Outsourcing travel management to a travel management company is nothing new, but recent developments have taken the idea to a different level as firms including BAE Systems, ICG Commerce and IBM seek to apply business process outsourcing to travel management.
It's debatable whether the concept represents a long-term trend or fizzling fad, but either way, quite a few firms are trying to get in on it. The latest is travel management company BCD Travel's newly re-branded consulting arm, Advito, which claimed that overall business process outsourcing demand is rising 10 to 20 percent annually. Advito called travel management a "reasonable candidate" for outsourcing.
Although outsourcing may offer a healthy business opportunity, particularly as procurement's influence in travel management grows, travel managers who are not keen on the idea still represent a significant portion of Advito's and BCD's client bases.

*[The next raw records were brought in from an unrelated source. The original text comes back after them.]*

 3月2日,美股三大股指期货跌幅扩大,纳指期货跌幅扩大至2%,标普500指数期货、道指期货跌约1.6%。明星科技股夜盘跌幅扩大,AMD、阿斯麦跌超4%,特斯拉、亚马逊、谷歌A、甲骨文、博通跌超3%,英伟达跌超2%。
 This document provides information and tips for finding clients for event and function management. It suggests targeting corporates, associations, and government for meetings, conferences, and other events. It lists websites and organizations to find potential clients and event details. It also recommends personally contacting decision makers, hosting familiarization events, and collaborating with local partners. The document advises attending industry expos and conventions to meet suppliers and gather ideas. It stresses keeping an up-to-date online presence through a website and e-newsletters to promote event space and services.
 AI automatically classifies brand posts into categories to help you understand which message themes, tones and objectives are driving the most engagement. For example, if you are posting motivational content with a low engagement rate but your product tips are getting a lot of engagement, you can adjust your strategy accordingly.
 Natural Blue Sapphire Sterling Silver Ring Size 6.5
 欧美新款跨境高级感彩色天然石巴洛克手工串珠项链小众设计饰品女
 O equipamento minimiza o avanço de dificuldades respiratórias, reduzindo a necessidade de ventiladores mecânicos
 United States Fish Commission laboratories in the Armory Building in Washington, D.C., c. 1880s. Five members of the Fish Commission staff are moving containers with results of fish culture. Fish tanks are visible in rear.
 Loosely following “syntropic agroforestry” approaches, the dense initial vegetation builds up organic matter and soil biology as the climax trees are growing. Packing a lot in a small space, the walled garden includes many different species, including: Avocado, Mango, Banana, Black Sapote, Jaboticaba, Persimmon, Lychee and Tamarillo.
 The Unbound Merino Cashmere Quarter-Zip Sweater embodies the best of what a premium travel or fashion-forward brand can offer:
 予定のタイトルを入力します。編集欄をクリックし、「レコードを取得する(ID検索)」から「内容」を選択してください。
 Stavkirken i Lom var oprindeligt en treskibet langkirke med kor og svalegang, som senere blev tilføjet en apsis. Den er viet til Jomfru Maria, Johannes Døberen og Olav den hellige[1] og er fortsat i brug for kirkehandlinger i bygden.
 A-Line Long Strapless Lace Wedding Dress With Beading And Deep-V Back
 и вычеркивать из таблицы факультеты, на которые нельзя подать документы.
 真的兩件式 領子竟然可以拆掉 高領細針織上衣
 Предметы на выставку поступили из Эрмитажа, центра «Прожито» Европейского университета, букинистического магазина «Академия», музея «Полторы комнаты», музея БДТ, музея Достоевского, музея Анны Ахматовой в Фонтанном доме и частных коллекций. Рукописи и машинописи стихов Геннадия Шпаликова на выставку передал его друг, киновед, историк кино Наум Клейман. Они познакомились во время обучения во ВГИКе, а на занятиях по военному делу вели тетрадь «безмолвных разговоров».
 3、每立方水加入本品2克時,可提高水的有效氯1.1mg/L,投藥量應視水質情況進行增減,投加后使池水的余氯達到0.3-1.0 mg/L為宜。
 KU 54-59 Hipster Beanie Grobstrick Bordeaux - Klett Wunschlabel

But Advito officials said employment trends and procurement goals are difficult to deny.
"Among some of the small or mid-market accounts we have talked to, procurement, and companies in general, are loading managers up with other responsibilities, so now you're seeing them get food services or other business services like facilities management," said Advito general manager Mary Ellen George. "In some cases, when we talk about outsourcing, their eyes light up because they keep getting more responsibilities. That's happening more and more in Corporate America."
Although George referred to small and mid-market accounts, it is clearly the larger firms where the potential return on investment is greatest. She said the "ideal profile" in the United States is a company that spends more than $10 million on air travel. In Europe, the threshold is €3 million. In one example, Advito suggested a very large organization with 15 travel managers could operate with one or two travel subject matter experts.
Advito's approach is somewhat unique relative to the big BPO providers in that it will take travel-only business. Officials with ICG Commerce and IBM said they mainly offer travel if it is part of a larger outsourced procurement program.
"They're coming to us because travel is not a core competency," said ICG Commerce travel category manager Mike Lynch. "When we're brought in, a lot of companies don't have someone who is the designated travel manager. It could be someone who had a part-time role in travel management as part of procurement, so outsourcing frees them up to be more strategic."
Lynch said nearly one-third of clients using travel services had outsourced program management. In the Netherlands, said one official, nearly one-quarter of Advito's revenues come from outsourcing. Advito described travel management outsourcing as a "booming" and "big, emerging trend," but others were not so sure.
"I think the peak of outsourcing has been reached and now a number of corporations are in-sourcing things again," said CMM Consulting's Cathrine Lundberg. Although she agreed that many corporations are limiting resources for travel managers and may be deciding that travel is not a core business, Lundberg argued that such "tricky issues" as traveler health, safety and productivity should be managed internally.
TCG Consulting's Albert Taras suggested that some TMCs are promoting outsourcing because they are seeking new revenue streams, and Management Alternatives president Carol Ann Salcito described the proverbial jury as "way out."
Certainly, third-party consulting firms that compete with the likes of Advito for travel supplier sourcing clients have their competitive reasons to slam the concept--even though many of them at least temporarily perform the role of travel manager for some clients--but there is also plenty of evidence that some corporations are going in the opposite direction.
"We brought everything in house," said Wal-Mart global travel services director Duane Futch. "We want to manage the entire travel supply chain. You need to capture that. We are taking out TMCs around the world right now, because their costs are too high and we can do it more cheaply by managing it ourselves."